The block moves on a rough horizontal floor with coefficient of friction $\mu$. The only horizontal force is kinetic friction $f_k = \mu mg$. Thus, the retardation (negative acceleration) is constant: $$a = -\frac{f_k}{m} = -\frac{\mu mg}{m} = -\mu g$$ The observation is that at time $t = \tau$, the block is at distance $s$. There are two distinct possibilities for this observation:

1. The block is still moving at time $\tau$.
2. The block stopped at distance $s$ at some time $t_{stop} < \tau$ and remained there.

Using the second equation of motion $s = ut + \frac{1}{2}at^2$: $$s = u\tau – \frac{1}{2}\mu g \tau^2$$ Solving for $\mu$: $$\frac{1}{2}\mu g \tau^2 = u\tau – s$$ $$\mu = \frac{2(u\tau – s)}{g\tau^2}$$ Condition: The final velocity must be non-negative ($v \ge 0$). $$v = u – \mu g \tau = u – g\tau \left( \frac{2(u\tau – s)}{g\tau^2} \right) = u – \frac{2u\tau – 2s}{\tau} = \frac{2s}{\tau} – u$$ For $v \ge 0$, we need $\frac{2s}{\tau} \ge u \Rightarrow s \ge \frac{u\tau}{2}$. So this solution is valid for $\frac{u\tau}{2} \le s < u\tau$.

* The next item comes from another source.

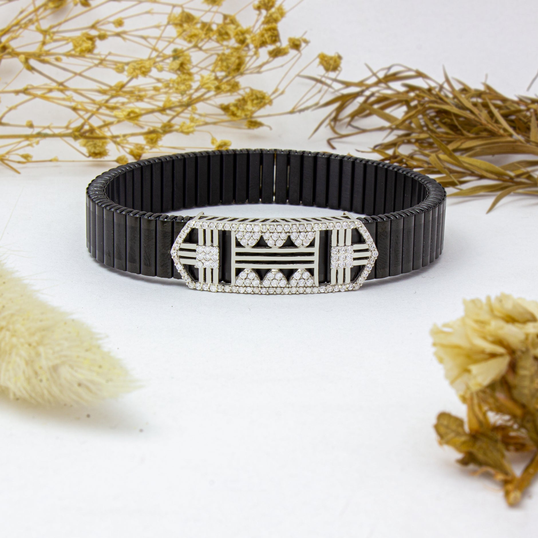 Introducing the Marigold Crest 925 Silver Bracelet, a bold expression of heritage and luxury. This bracelet showcases a geometric traditional marigold-inspired crest, crafted with premium 925 sterling silver and mounted on a durable black band. The sharp, symmetrical design adds a regal touch, making it ideal for those looking for unique silver bracelet designs, trending jewelry styles, handcrafted silver accessories, designer bracelets online, and luxurious fashion jewelry. Engineered for comfort and elegance, it’s a must-have for anyone who appreciates statement jewelry with deep-rooted cultural significance.

If the block stops, it does so at distance $s$. The final velocity is 0. Using $v^2 – u^2 = 2as$: $$0^2 – u^2 = 2(-\mu g)s$$ $$u^2 = 2\mu g s \implies \mu = \frac{u^2}{2gs}$$ Condition: The time to stop $t_{stop}$ must be less than or equal to the observation time $\tau$. $$t_{stop} = \frac{u}{\mu g}$$ Substituting $\mu$: $t_{stop} = \frac{u}{ (\frac{u^2}{2gs}) g } = \frac{2s}{u}$ We need $t_{stop} \le \tau \Rightarrow \frac{2s}{u} \le \tau \Rightarrow s \le \frac{u\tau}{2}$.